21 Die Mijn geboden heeft, en dezelve bewaart, die is het, die Mij liefheeft; en die Mij liefheeft, zal van Mijn Vader geliefd worden; en Ik zal hem liefhebben, en Ik zal Mijzelven aan hem openbaren.

22 Judas, niet de Iskariot, zeide tot Hem: Heere, wat is het, dat Gij Uzelven aan ons zult openbaren, en niet aan de wereld?

23 Jezus antwoordde en zeide tot hem: Zo iemand Mij liefheeft, die zal Mijn woord bewaren; en Mijn Vader zal hem liefhebben, en Wij zullen tot hem komen, en zullen woning bij hem maken.

24 Die Mij niet liefheeft, die bewaart Mijn woorden niet; en het woord dat gijlieden hoort, is het Mijne niet, maar des Vaders, Die Mij gezonden heeft.

25 Deze dingen heb Ik tot u gesproken, bij u blijvende.

26 Maar de Trooster, de Heilige Geest, Welken de Vader zenden zal in Mijn Naam, Die zal u alles leren, en zal u indachtig maken alles, wat Ik u gezegd heb.
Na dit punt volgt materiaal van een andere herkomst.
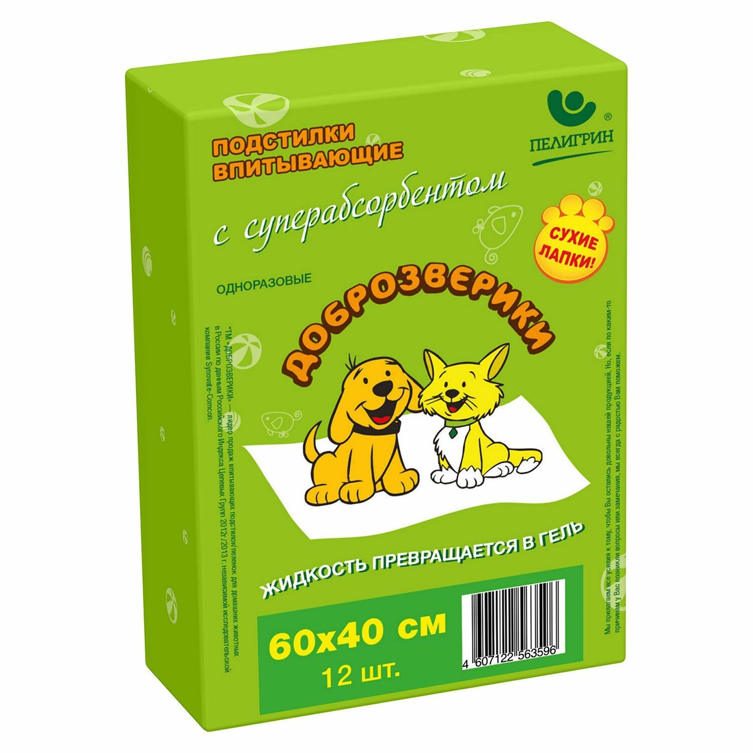 Пелигрин Доброзверики Подстилки впитывающие д/животных с суперабсорбентом 60*40*12шт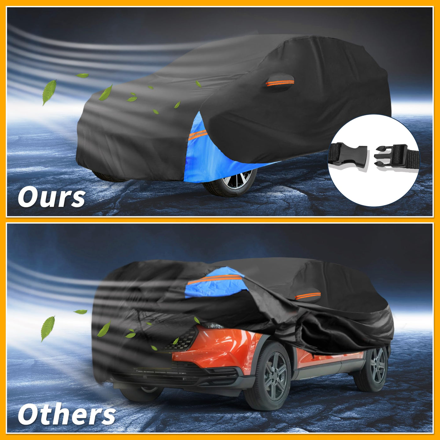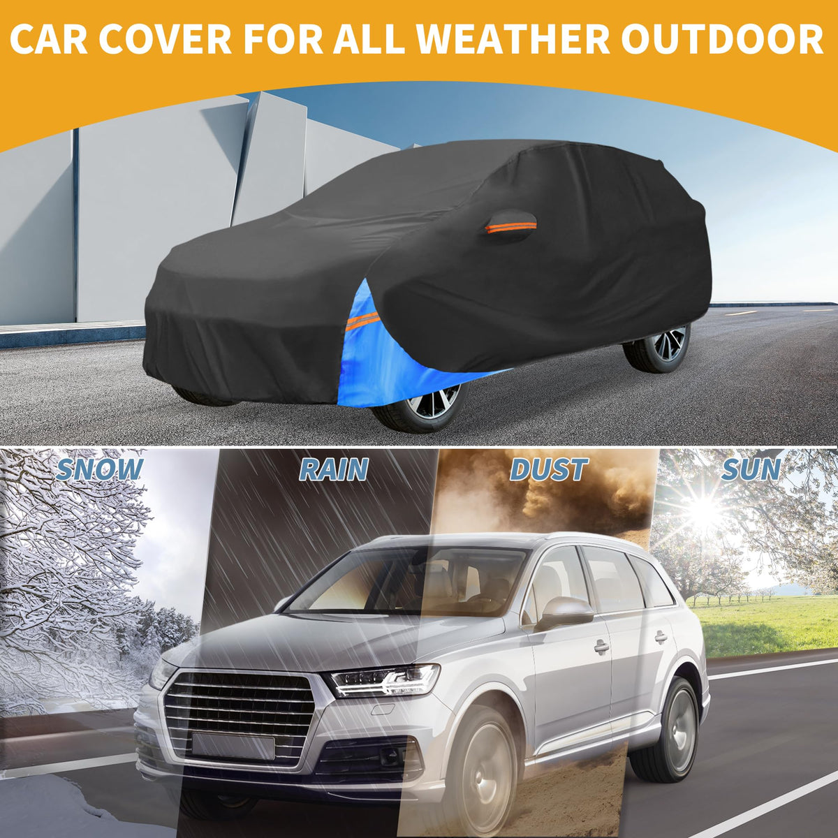 Vehicle Specific Fit:Fit for SUV Length Up to 181''Product Information:Color: Black, BlueMaterial: 210D-PUDimension: 460x185x145cm / 181.1''x72.83''x57.09''(L*W*H)Product Highlights:We are focusing on the development of specific models to make them fitter and more professional car cover instead of universal car cover.The cover is breathable and allows heat, moisture, and condensation to escape.The single middle layer acts as a filter obstacle against basic everyday dust.Fully protects from any types of elements such as tree sap, dust, snow, leaves, rain and etc.It is a good replacement for the old or broken one, match for the old one.Made of:The single middle layer acts as a filter obstacle against basic everyday dust.How to use:Elastic band at the bottom of front & rear to make car cover fit your car model better.Content:1 Pc Car CoverTip:Please check the car details before your purchase. Is the car sedan hatchback or SUV?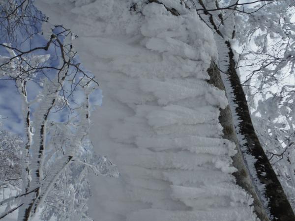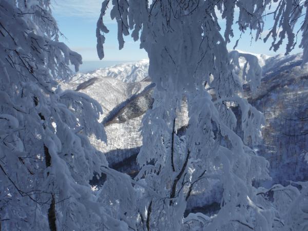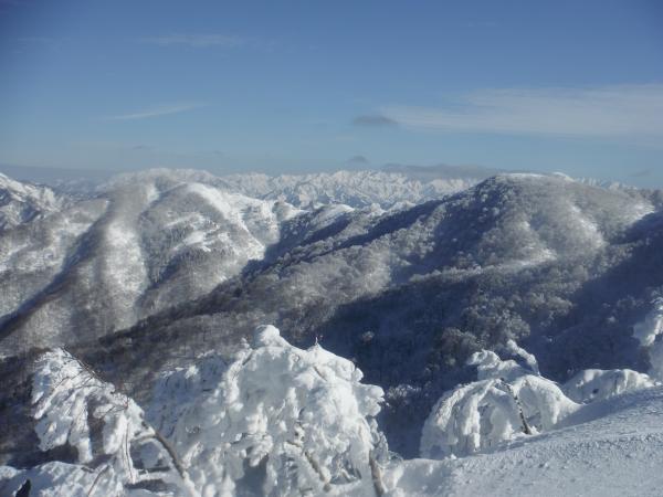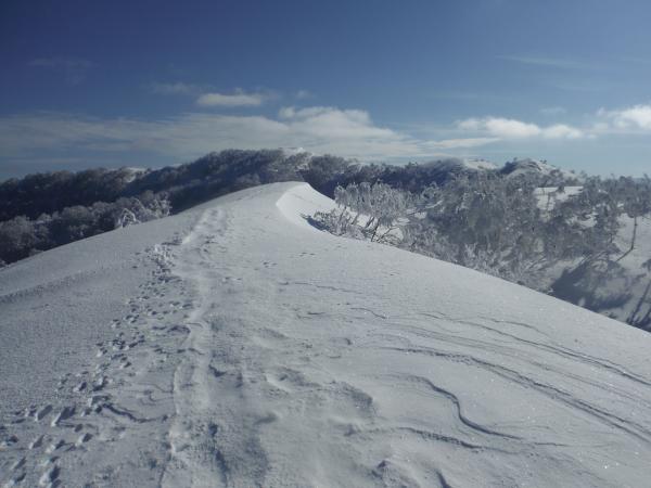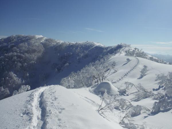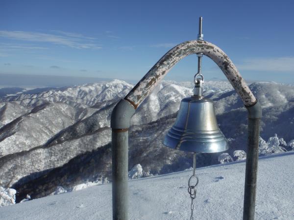 そしてついに山頂へ!期待通りの青と白の世界です!この前見れなかった飯豊連峰や、お隣の白山、粟ヶ岳もくっきり。鐘を鳴らして腰を下ろしていると、先に休憩していた方々が菅名目指して歩き出しました。「こんな良い日に縦走しないなんて勿体ないわよ!」そう背中を押され、大蔵だけのつもりでしたが菅名まで行ってみることにしました。

27 Vrede laat Ik u, Mijn vrede geef Ik u; niet gelijkerwijs de wereld hem geeft, geef Ik hem u. Uw hart worde niet ontroerd en zij niet versaagd.

28 Gij hebt gehoord, dat Ik tot u gezegd heb: Ik ga heen, en kom weder tot u. Indien gij Mij liefhadt, zo zoudt gij u verblijden, omdat Ik gezegd heb: Ik ga heen tot den Vader; want Mijn Vader is meerder dan Ik.

29 En nu heb Ik het u gezegd, eer het geschied is; opdat, wanneer het geschied zal zijn, gij geloven moogt.

30 Ik zal niet meer veel met u spreken; want de overste dezer wereld komt, en heeft aan Mij niets.

31 Maar opdat de wereld wete, dat Ik den Vader liefheb, en alzo doe, gelijkerwijs Mij de Vader geboden heeft. Staat op, laat ons van hier gaan.